I don’t usually do white bread, but, in the interests of science 😉 I made the first loaf out of my new Römertopf pan a white bread with the idea of seeing if I could reproduce Celia’s Römertopf White Sourdough Loaf.
And it was supurb.
I took it warm down to the “morning after” party after our winter solstice celebration last weekend, and it disappeared in a thrice.
But, for someone who believes so much in science, I’m not very good at it. You couldn’t say it was an exact reproduction. I didn’t want to make a huge loaf, so I reduced all the proportions. This is my version of Celia’s version of Joanna’s white bread formula.
Put 1½ cups of fed sourdough starter in a bowl and leave, covered, on the benchtop for around 8 hours.

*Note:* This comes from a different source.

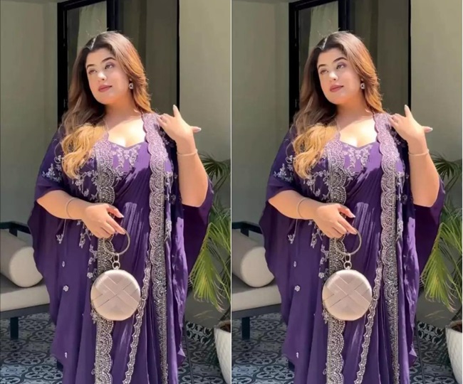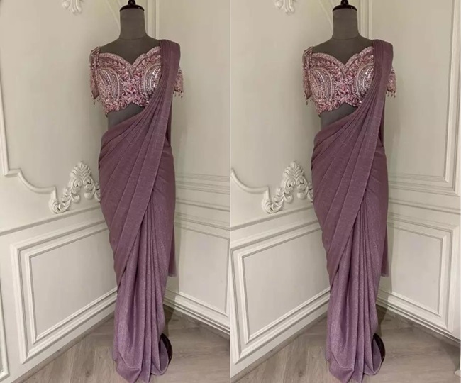 अब जरा इस पर्पल कलर की साड़ी को देखिए, जिसका लुक काफी ऑसम लग रहा है। इस पर्पल साड़ी में कमाल की कारीगरी देखने को मिलेगी, जो साड़ी की शोभा चार-गुना बढ़ा रही है। इस पर्पल कलर की रेडी टू वियर साड़ी में सिल्वर कलर का डिजाइन देखने को मिलेगा, जिसे आप आने वाले किसी भी शादी-पार्टी में पहन सकती हैं।

- About 3 teaspoons of olive oil
- 1 scant teaspoon of salt
- 1 good teaspoon of brown sugar
- 1½ cups of baker’s flour.
Tip another half a cup of baker’s flour on the benchtop, and knead briefly to get a smooth, not sticky dough.
Put a little swig of olive oil in a bowl, and swish the dough around in it to cover, and leave it to prove in a warmish spot for another 8 hours or so.
Flour the benchtop again and knead the dough very briefly again, then put it in the oiled Römertopf pan. Slash the top with a sharp knife and leave, covered, in a warmish place for another hour or so, until it is well risen (about double in size).
Put the pan of bread dough in the kitchen sink and (carfully, so as not to wet the dough) fill the sink with hot water up to the lip. My hot water out of the tap (from our solar hot water system), this time of year is hot but not boiling. You can put your hand in it.
Leave to soak for 10 minutes, then put the pan in a cold oven and turn the oven on. My gas oven is antique and the temperature is unreliable, but you don’t want it too hot – my second go at baking it in my mother’s modern oven was too hot and it cooked too quickly, resulting in a doughy middle.
This one though cooked perfectly in 40 minutes, coming out with a thin crisp crust and a lovely texture. Not marshmallow soft like bought white bread but light and dense at the same time. Perfect for the morning after the party warm from the oven with butter and honey and good coffee. Yum.